Holy smokes, I'm curious did injure the knee falling? I am sure getting out must have been brutal.
 
Holy smokes, I'm curious did injure the knee falling? I am sure getting out must have been brutal.
Foolishly was in a steep rocky ravine with a heavy backpack on and a rock slipped out from under my right foot, which folded back to my left butt cheek, and the pack drove my right knee into the rocks and severed the tendon. My wife splinted me up (with what the EMT's said was the best backcountry splint they had seen) and climbed up to a ridge where she received a cell phone call from a friend who was going to meet us to take us back to trailhead. She called 911 and the sheriff deputy coached her on bringing up ONX on my phone so they got our coordinates. Two Bear Air out of Kalispell was there in about an hour to hoist us out to a waiting ambulance. Two Bear Air has this razzoo Bell 429 four bladed, twin engine helicopter with hoist and infrared capability. The pilot and crew were impressively professional and competent. We were extremely lucky they were on the ramp in Kalispell and ready to come get me. A Lewis & Clark County search and rescue team was dispatched, but the mountain was so steep they would have had a challenge dragging me down ... probably would have just sent me sledding down to the Missouri River, hoping I could tread water. :D
Splinted leg, looking down to canyon above Meriweather Landing.JPG
 
Foolishly was in a steep rocky ravine with a heavy backpack on and a rock slipped out from under my right foot, which folded back to my left butt cheek, and the pack drove my right knee into the rocks and severed the tendon.
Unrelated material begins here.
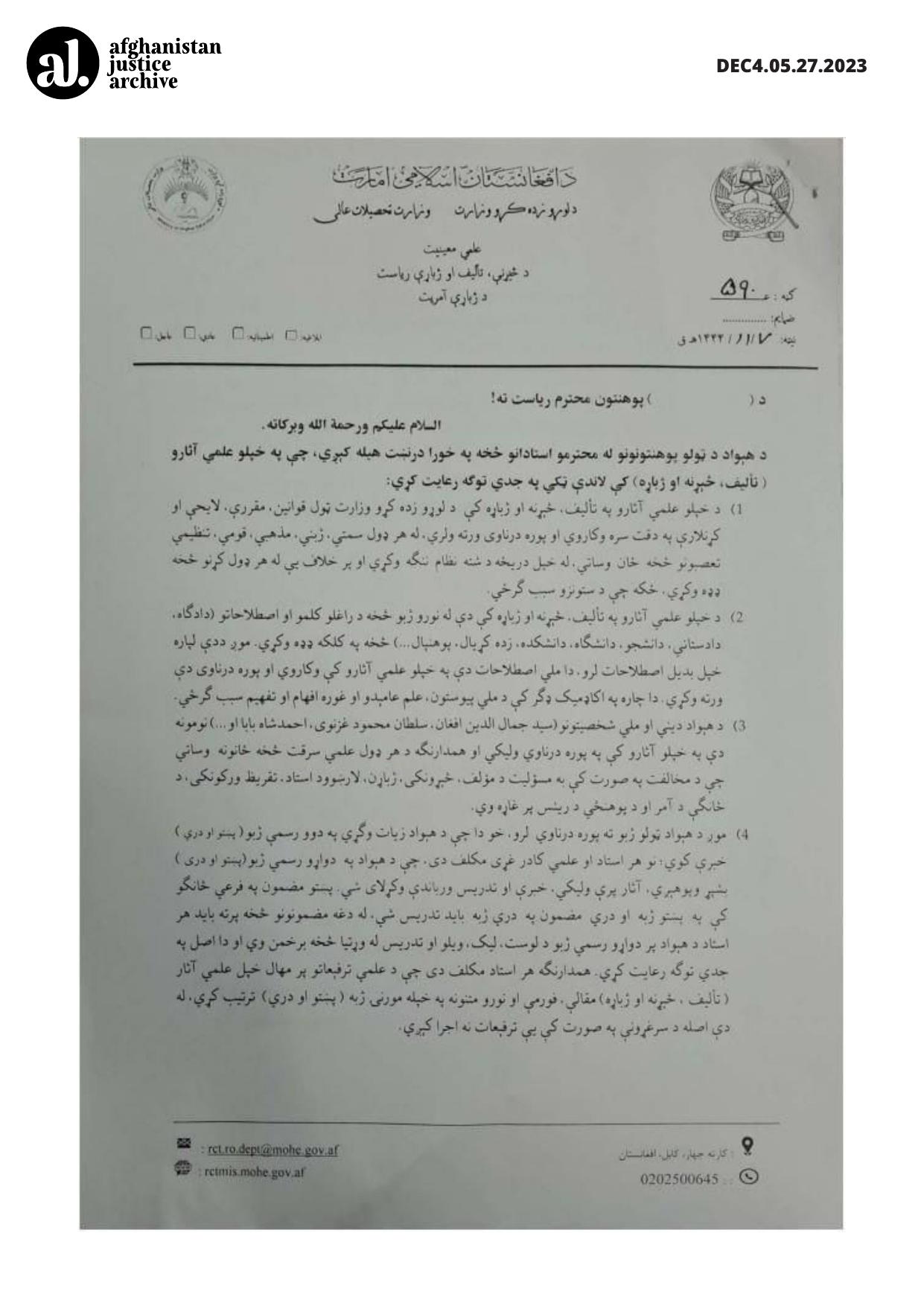 It is also mandated that faculty members prepare their academic works (writing, research, and translation) in Pashto and Dari when applying for academic promotions, including articles, forms, and other written materials. Failure to comply with this directive will result in the denial of promotion.

My wife splinted me up (with what the EMT's said was the best backcountry splint they had seen) and climbed up to a ridge where she received a cell phone call from a friend who was going to meet us to take us back to trailhead. She called 911 and the sheriff deputy coached her on bringing up ONX on my phone so they got our coordinates. Two Bear Air out of Kalispell was there in about an hour to hoist us out to a waiting ambulance. Two Bear Air has this razzoo Bell 429 four bladed, twin engine helicopter with hoist and infrared capability. The pilot and crew were impressively professional and competent. We were extremely lucky they were on the ramp in Kalispell and ready to come get me.
Next time tell Jim Bob hello. (And tell me the longer version of this someday.)
 
I appreciate all of of the stories. I think my biggest issue right now is the wife chattering in my ear about getting too old to be backpack hunting into the wilds. I told her the day I quit they will find me 5 miles beyond the trailhead, bow in hand and a smile on my face looking out over God's country both on earth and in Heaven.
 
I appreciate all of of the stories. I think my biggest issue right now is the wife chattering in my ear about getting too old to be backpack hunting into the wilds. I told her the day I quit they will find me 5 miles beyond the trailhead, bow in hand and a smile on my face looking out over God's country both on earth and in Heaven.
My wife and I have had this very same conversation more than once. You and I are on the same page.